The paper demonstrates the effectiveness of SG-NN in self-supervised settings using Matterport3D dataset. Evaluation results indicate that SG-NN achieves a significant reduction in 1\ell_1 error across metrics measuring different aspects of scene quality, particularly outperforming competitors in unseen space and near-surface metrics. In supervised scenarios with synthetic data possessing full ground truth, SG-NN remains competitive, further validating its design efficiency.

The experimental validation highlights SG-NN's advantage in predicting more complete geometry than present in training scans (owing to occlusion and sensor limitations). This robust predictive power stems from exploiting patterns in incompleteness common across the training dataset, surpassing traditional supervised methodologies that rely on synthetic data for fully observed scenes.
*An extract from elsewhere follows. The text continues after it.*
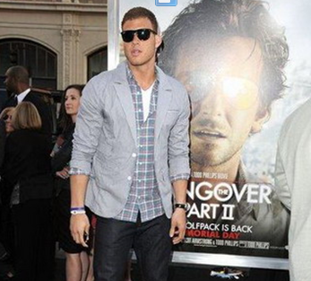 好莱坞,NBA(微博)球星布雷克-格里芬出席电影《宿醉2》的首映礼,墨镜扮相酷似“黑超特警”。

Implications and Future Prospects

Practically, the ability to predict complete scene geometry from incomplete scans without requiring synthetic training data presents a game-changing advantage. This could reduce the reliance on costly and sometimes inaccurate synthetic data, facilitating more seamless domain transfer to real-world applications. Moreover, the sparse generative approach opens up avenues for real-time scene reconstruction, crucial for robotics and interactive digital environments.

Theoretically, this work enhances understanding of self-supervised learning in 3D scene completion. Future research could explore the extension of such sparse generative techniques to color and semantic information completion, providing a more holistic scene understanding. Additionally, adaptations integrating semantic segmentation with geometric completion could lead to better object-scene interaction models, auguring advancements in robotic perception and autonomous systems navigation.

Conclusion

The SG-NN framework represents a substantial advancement in 3D scene reconstruction technologies. Its self-supervised, sparse generative approach sidesteps the pitfalls associated with synthetic data reliance, making a notable contribution to the fields of computer vision and spatial understanding in AI systems. As the field progresses, the insights and methodologies presented here could lead to broader applications in various commercial and research domains. Such innovations promise to refine how AI interprets and interacts with the complex world of three-dimensional data.